Metadata-Version: 2.4
Name: unicodedata-reader
Version: 1.3.7
Project-URL: repository, https://github.com/kojiishi/unicodedata-reader
Author-email: Koji Ishii <kojii@chromium.org>
License-Expression: Apache-2.0
License-File: LICENSE
Requires-Python: >=3.9
Requires-Dist: platformdirs>=4.3.8
Description-Content-Type: text/markdown

[![CI](https://github.com/kojiishi/unicodedata-reader/actions/workflows/ci.yml/badge.svg)](https://github.com/kojiishi/unicodedata-reader/actions/workflows/ci.yml)
[![PyPI](https://img.shields.io/pypi/v/unicodedata-reader.svg)](https://pypi.org/project/unicodedata-reader/)
[![Dependencies](https://badgen.net/github/dependabot/kojiishi/unicodedata-reader)](https://github.com/kojiishi/unicodedata-reader/network/updates)


# unicodedata-reader

This package reads and parses the [Unicode Character Database] files.

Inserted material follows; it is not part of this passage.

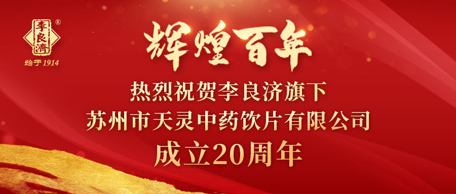 熱烈祝賀李良濟旗下蘇州市天靈中藥飲片有限公司成立20周年
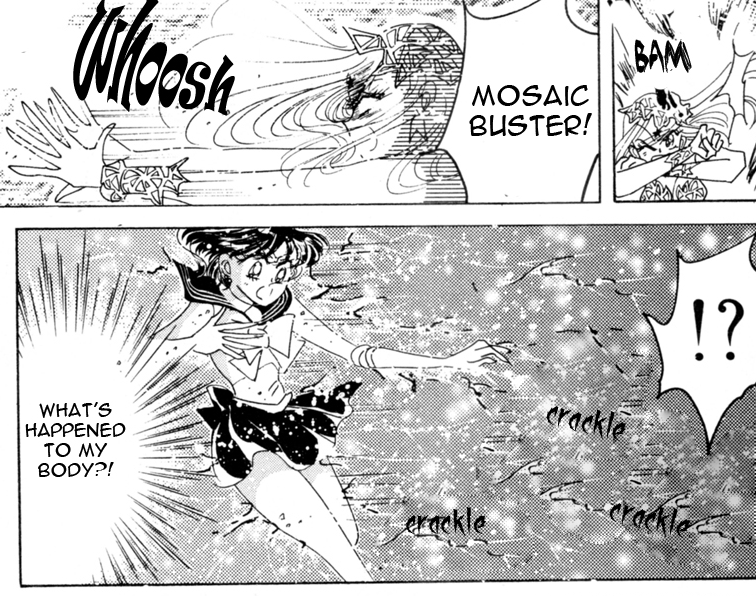 Too bad this doesn’t translate to battle. Mercury Aqua Mirage doesn’t do so well against Mosaic Buster. We get the nano bot threat just like the anime, but there will be no self-destruction today. Uranus will see to that.

Many of them are available in the [unicodedata] module,
or in other 3rd party modules.
When the desired data is not in any existing modules,
such as the [Line_Break property] or the [Vertical_Orientation property],
this package can read the data files
at <https://www.unicode.org/Public/UNIDATA/>.

This package can also generate JavaScript functions
that can read the property values of the [Unicode Character Database]
in browsers.
Please see the [JavaScript] section below.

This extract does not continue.